GIVEN INFORMATION =>

+ + + + + + +

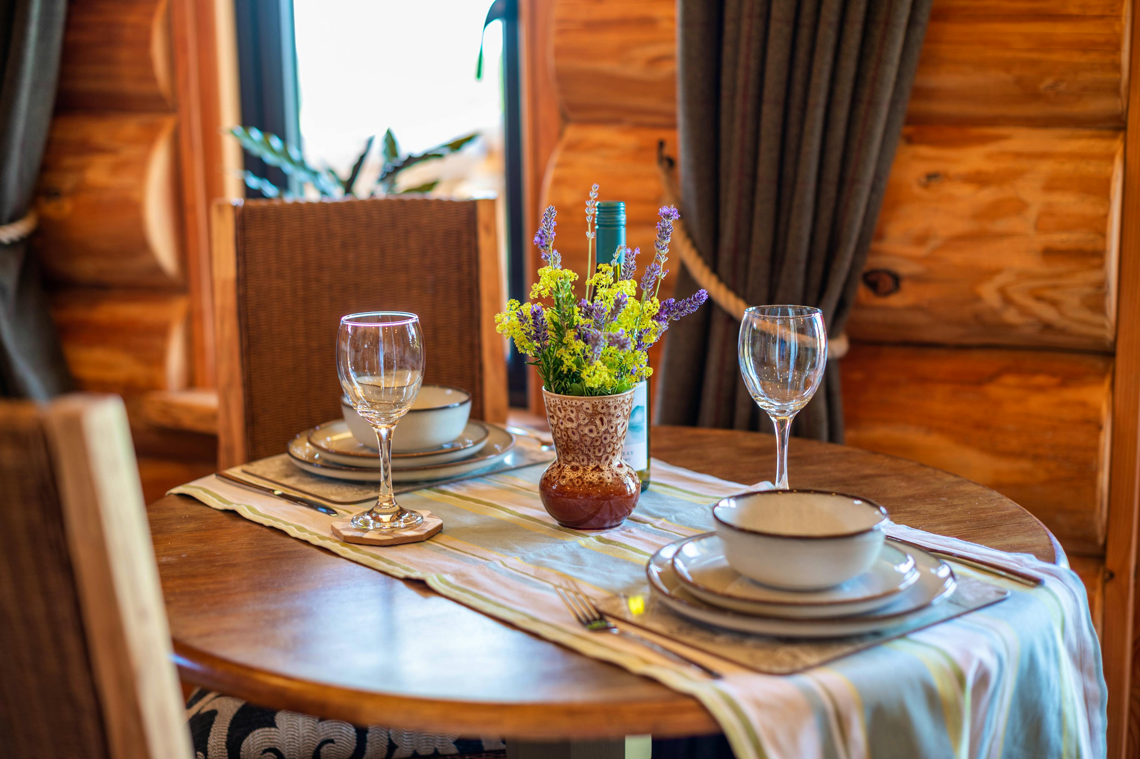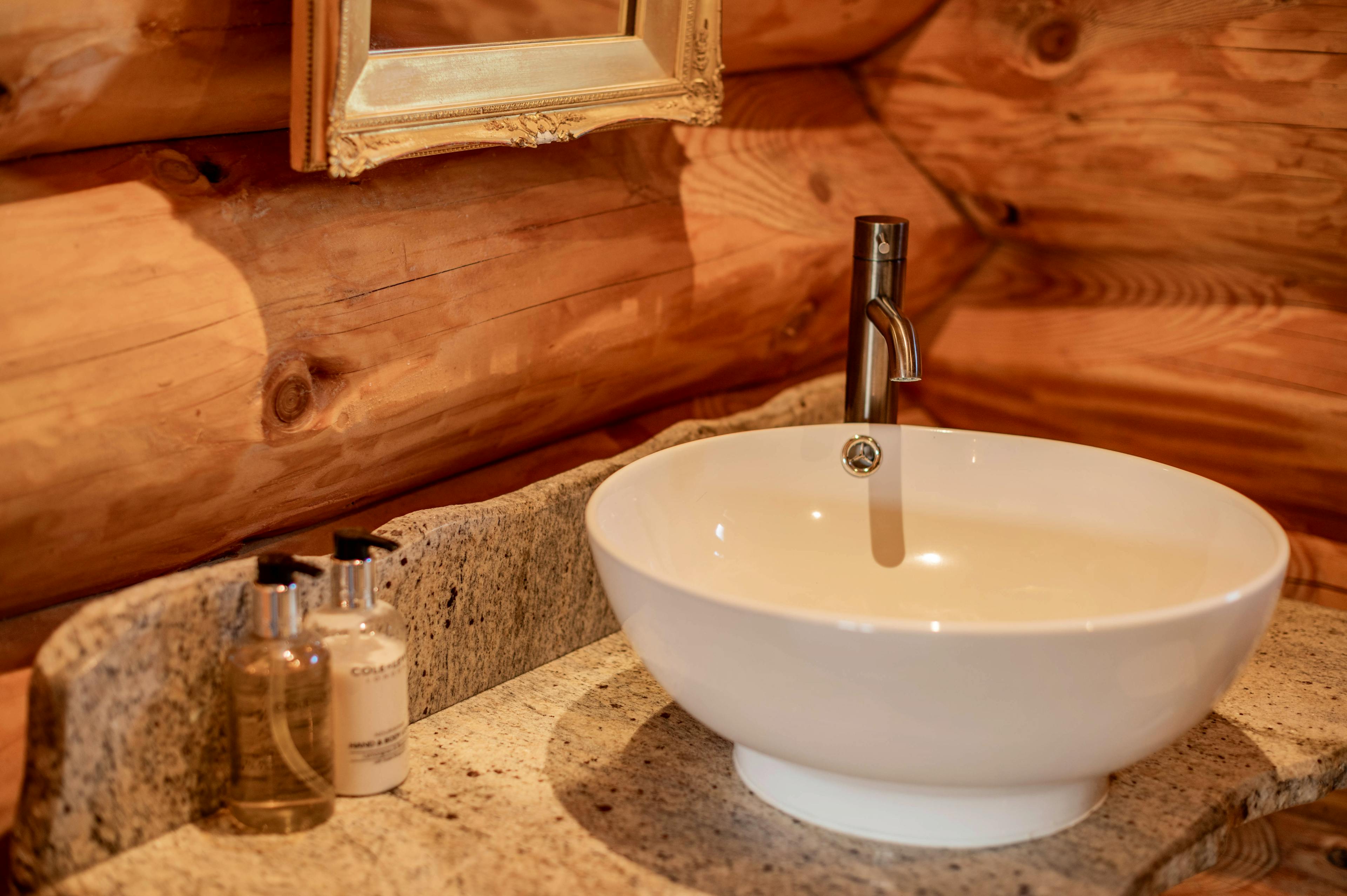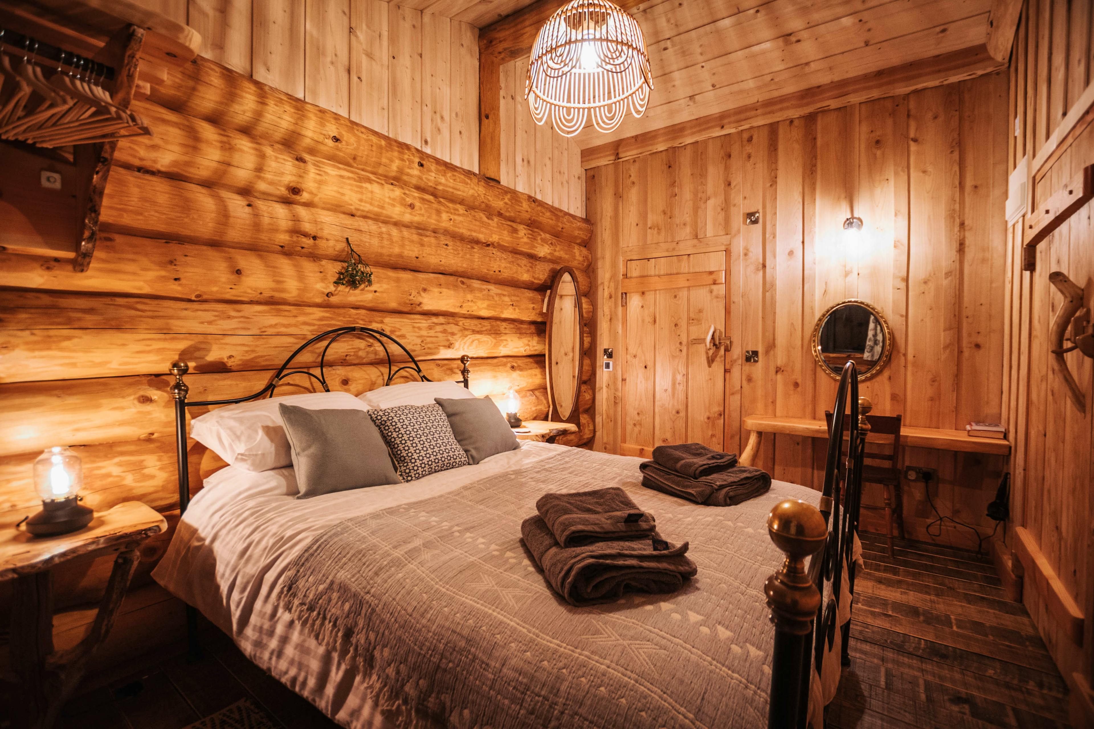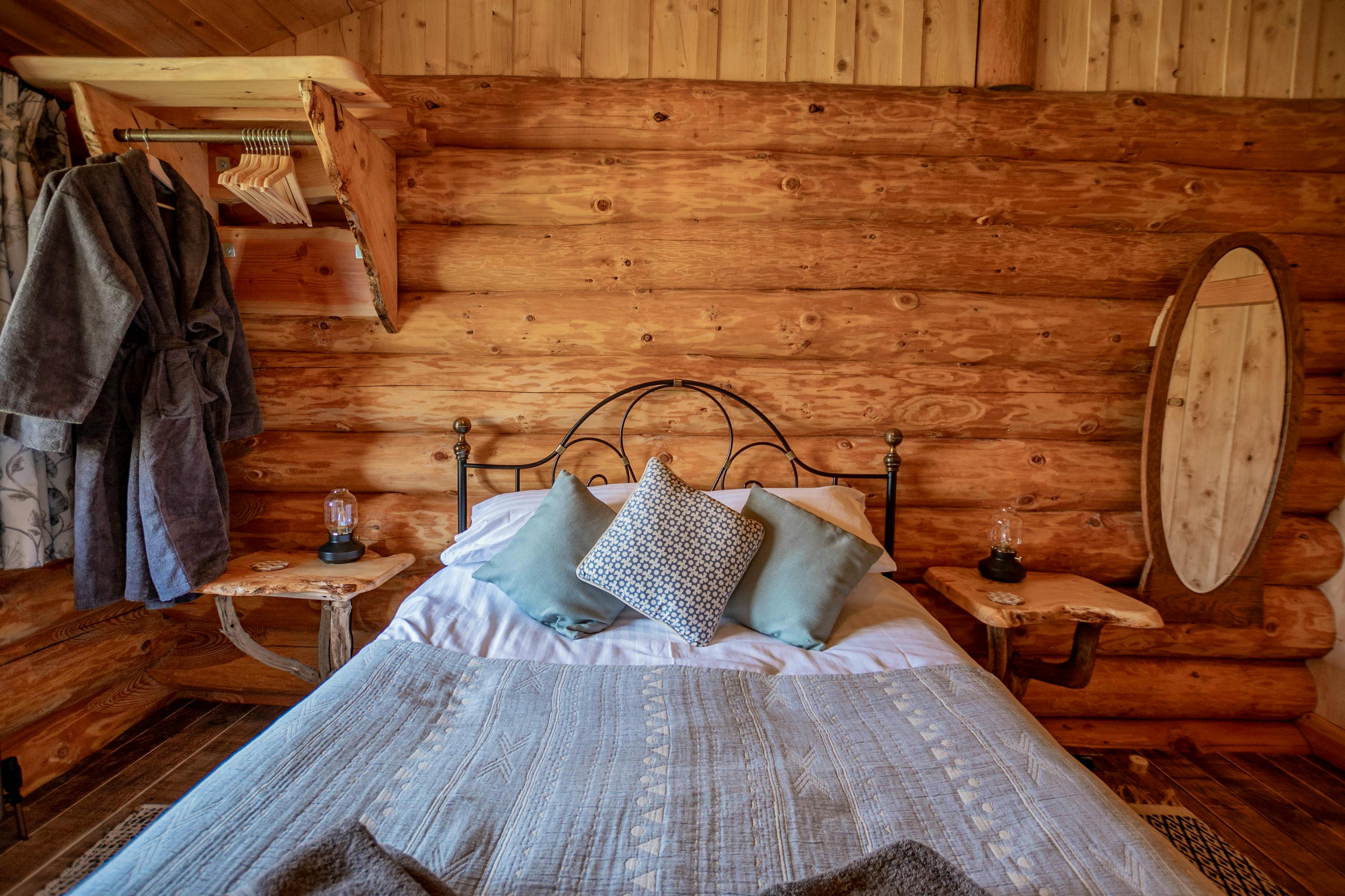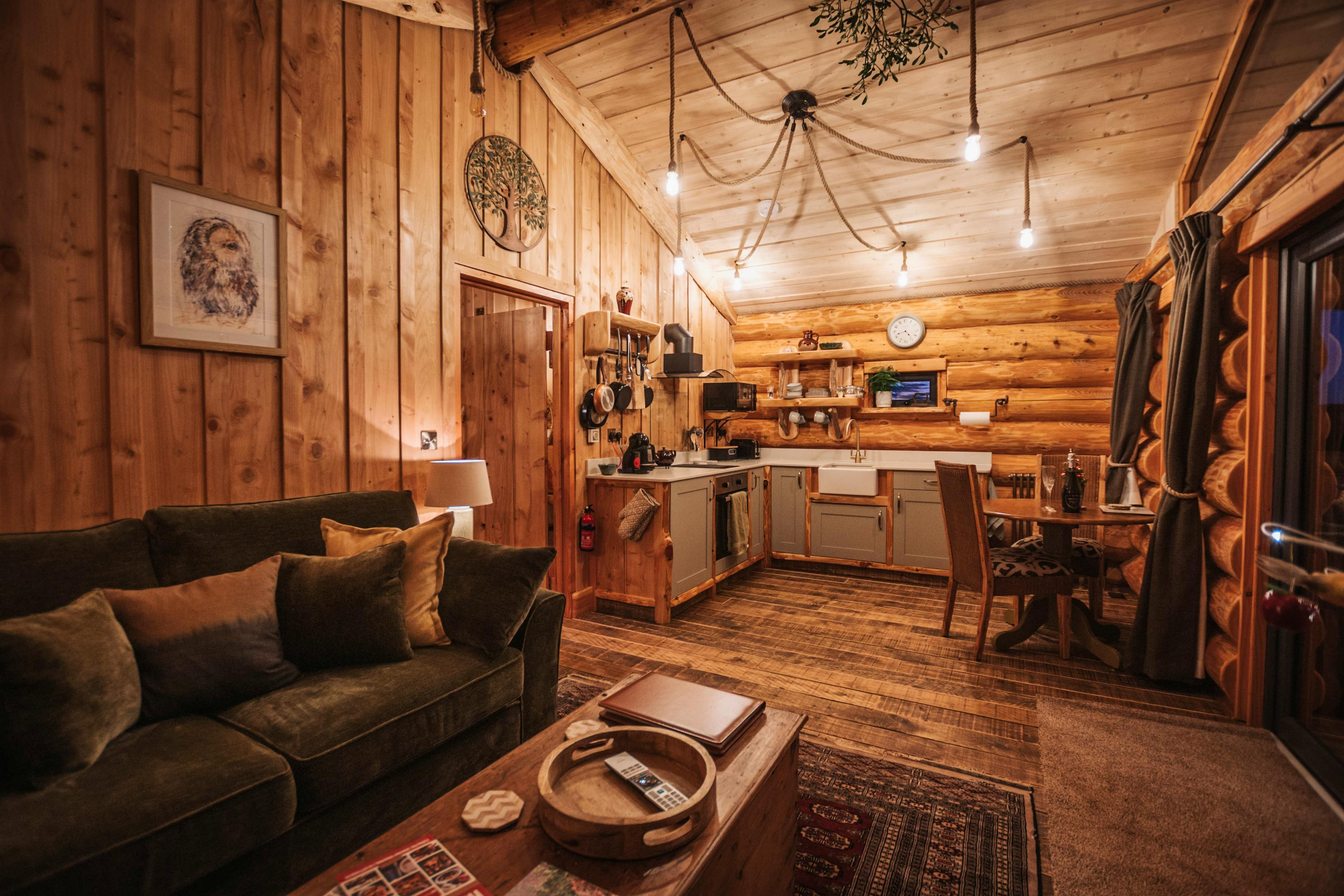 Handcrafted log cabin with a wood fired hot tub set in the Herefordshire countryside, perfect for a quiet couple’s escape.
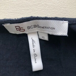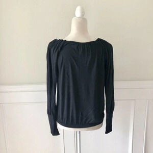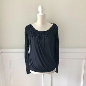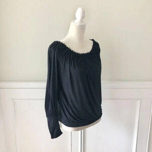 BCBG Black Pleated Neck Long Sleeve Blouse XS
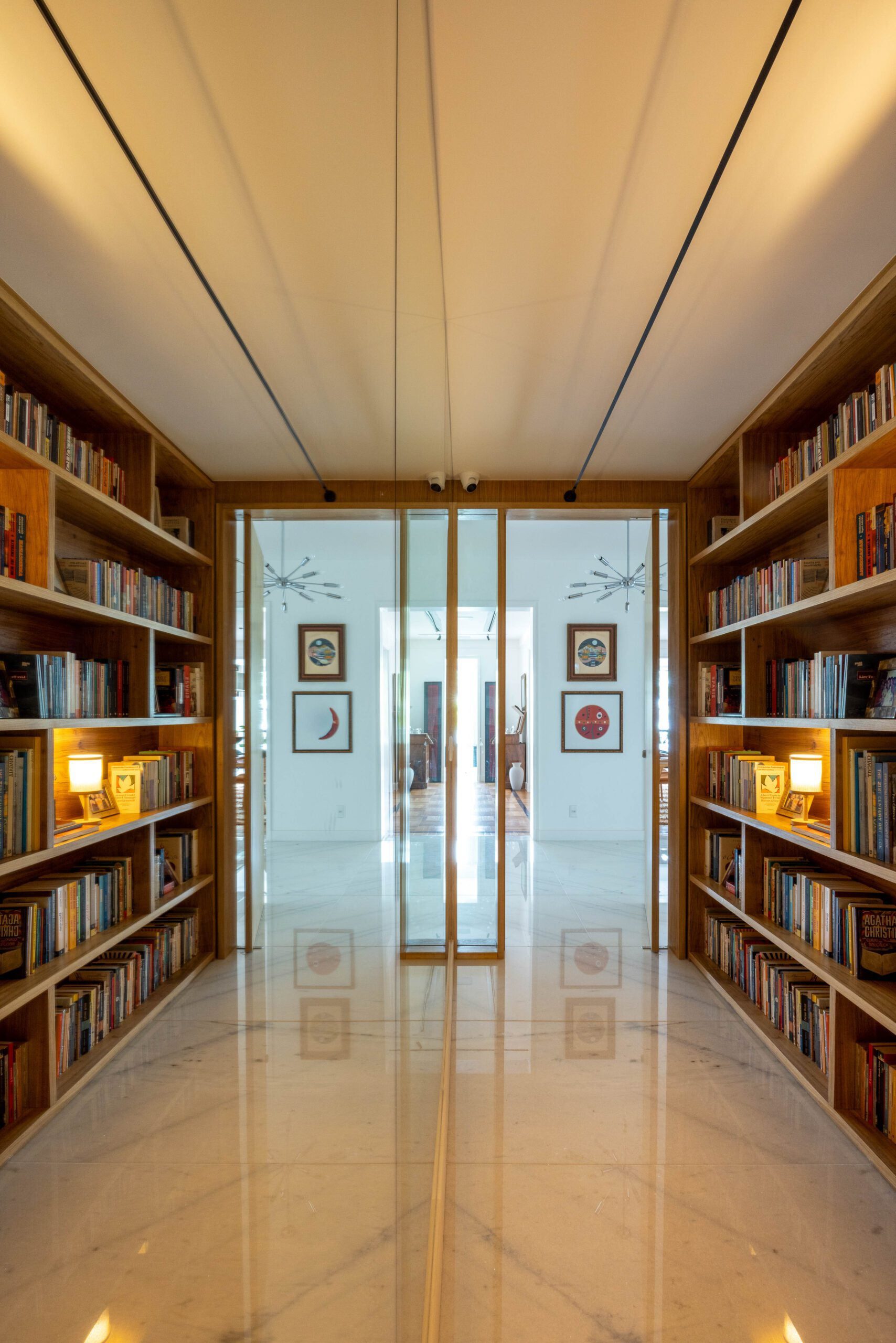 Embora amplo e com uma divisão clássica bem resolvida, o imóvel passou por uma renovação cuidadosa. O ponto de partida foi o hall do elevador, um espaço geralmente negligenciado, mas que aqui ganhou protagonismo. Ampliado, ele passou a abrigar uma adega e uma biblioteca-corredor, marcada por uma grande estante que ocupa toda uma parede e acomoda a extensa coleção de livros da família.
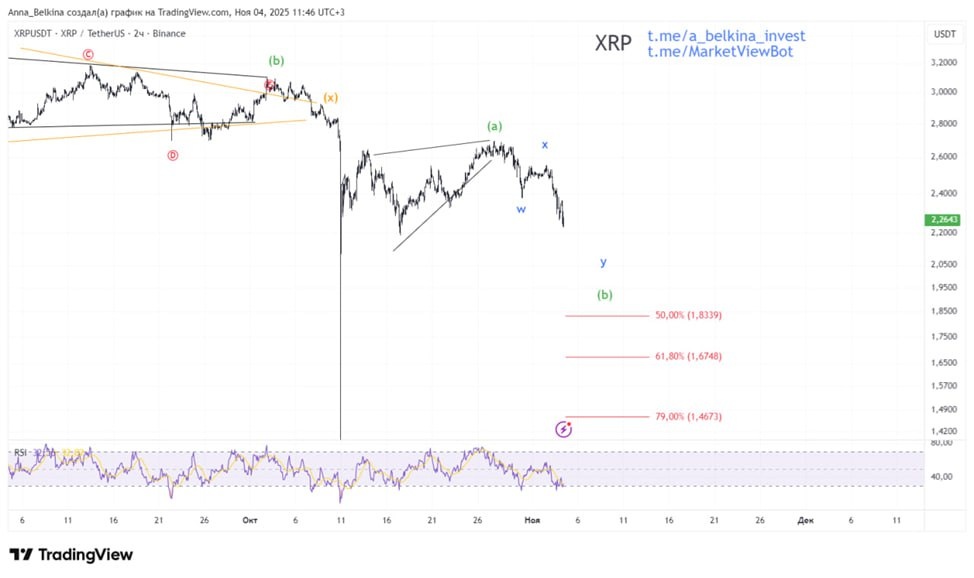 #XRP Движение развивается в восходящей конечной диагонали в волне [iii], в которой все волны могут усложняться до двойных зигзагов. Волна [iii] принимает пока вид обычного зигзага, в котором волна (a) of [iii] – начальная диагональ, сейчас формируется коррекционная (b) of [iii]. Эта волна может принять любую форму коррекции и откатить на любую Фибу. После завершения отката ожидаю увидеть восходящую (с) of [iii]. Не является ИИР 💪 БОЛЬШЕ разметок в Закрытом канале: Бот Закрытого Канала (подписаться из-за границы, пишите личным сообщением) В этом посте есть большое видео, которое не загрузилось в Дзен. Откройте оригинал поста в телеграме, чтобы его посмотреть

+ + + + + + +

ASSIGNMENT => The reply must hold every line above exactly as written and none of the pictures.

YOUR SOLUTION =>
 Handcrafted log cabin with a wood fired hot tub set in the Herefordshire countryside, perfect for a quiet couple’s escape.
 BCBG Black Pleated Neck Long Sleeve Blouse XS
 Embora amplo e com uma divisão clássica bem resolvida, o imóvel passou por uma renovação cuidadosa. O ponto de partida foi o hall do elevador, um espaço geralmente negligenciado, mas que aqui ganhou protagonismo. Ampliado, ele passou a abrigar uma adega e uma biblioteca-corredor, marcada por uma grande estante que ocupa toda uma parede e acomoda a extensa coleção de livros da família.
 #XRP Движение развивается в восходящей конечной диагонали в волне [iii], в которой все волны могут усложняться до двойных зигзагов. Волна [iii] принимает пока вид обычного зигзага, в котором волна (a) of [iii] – начальная диагональ, сейчас формируется коррекционная (b) of [iii]. Эта волна может принять любую форму коррекции и откатить на любую Фибу. После завершения отката ожидаю увидеть восходящую (с) of [iii]. Не является ИИР 💪 БОЛЬШЕ разметок в Закрытом канале: Бот Закрытого Канала (подписаться из-за границы, пишите личным сообщением) В этом посте есть большое видео, которое не загрузилось в Дзен. Откройте оригинал поста в телеграме, чтобы его посмотреть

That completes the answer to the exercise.